Effects of intracranial co-infusion of Aβ1-42 and thiorphan on Macaca Rhesus hippocampal formation

Aim: To observe the change of amyloid, acetylcholine transferase and glial fibrillary acidic protein expression in Macaca Rhesus hippocampal after infused the Aβ1-42 and thiorphan and explore the possibility of the establishment of Macaca Rhsus AD model in brain.
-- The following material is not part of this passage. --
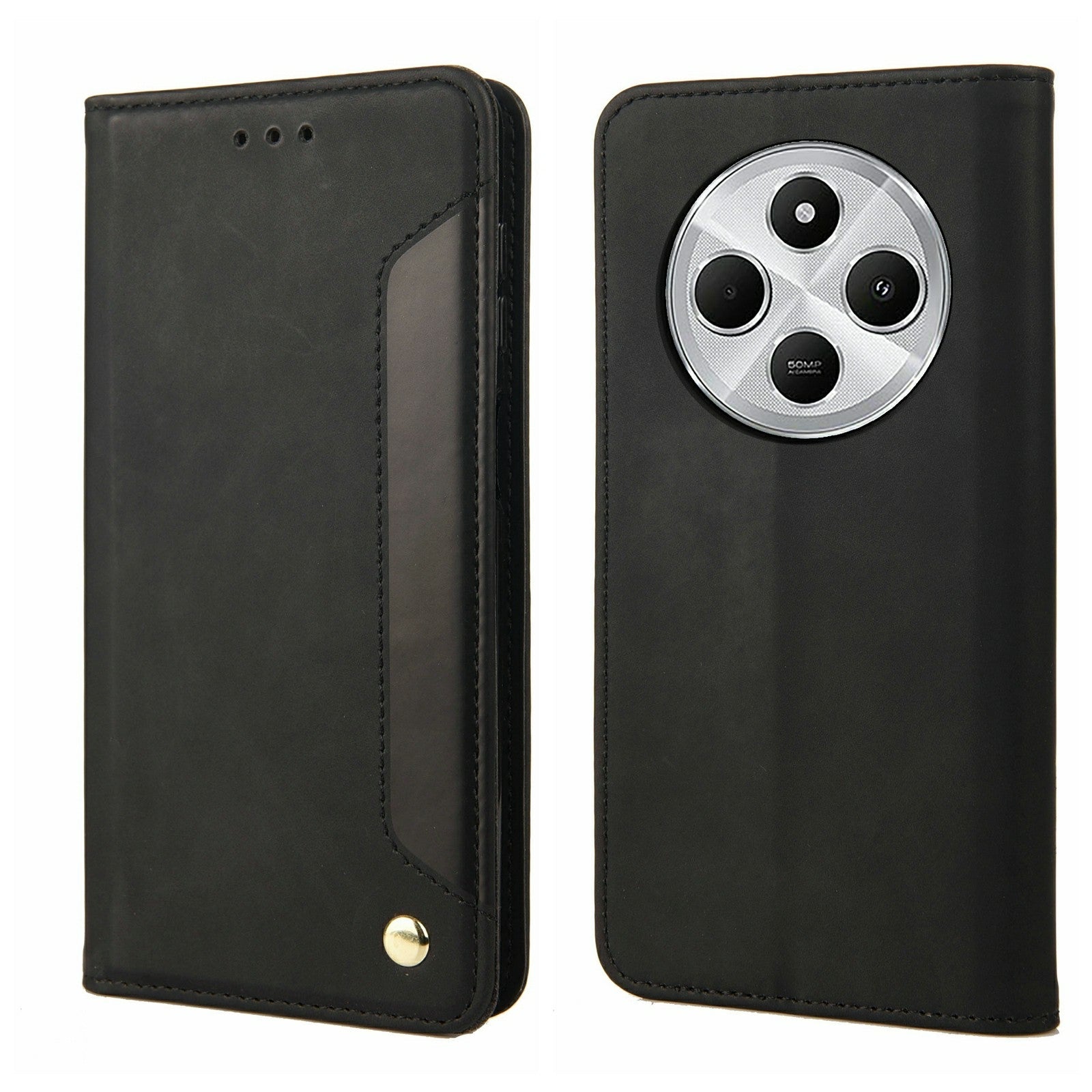 For Redmi 14C Skin Feel Splicing Leather Phone Case(Black)

Method: The Rhesus monkeys were anesthetized (im), the skull was exposed by a midline scalp incision, and oriented craniotomy was performed on left side by dental drill. First, neprilysin in cerebral cortex and basal nucleus was consumed by infusion thiorphan. Then cerebral cortex and basal nucleus were slowly infused with fibrilla Aβ1-42. Finally, the cannula for thiorphan infusion was implanted into the basal nucleus. Miniosmotic pump (Alzet MODEL 2ML4,) was subcutaneously fixed by bio gel 454 on the calvaria (Loctite Co. Ltd, USA) according to the manufacturer's instructions. After 50 days' survival, animals were deep anesthetized with ketamine and sacrificed. The pathological changes were observed by HE staining and immunostaining in monkey brains. Result Neuronal loss and a proliferation of microglia were detected in hippocampal formation by HE staining. Immuno-staining showed Aβ1-42, ChAT and GFAP positive cells density were 0.59±0.05,0.21±0.04 and 0.19±0.04 separately. Compared with control group, the density in experimental groups showed distinct difference in statistic analysis (P < 0.01). Conclusion: The same pathological change was detected in the thioaphan and Aβ1-42 infusion in Macaca Rhesus hippocampal formation as what was found in AD patients.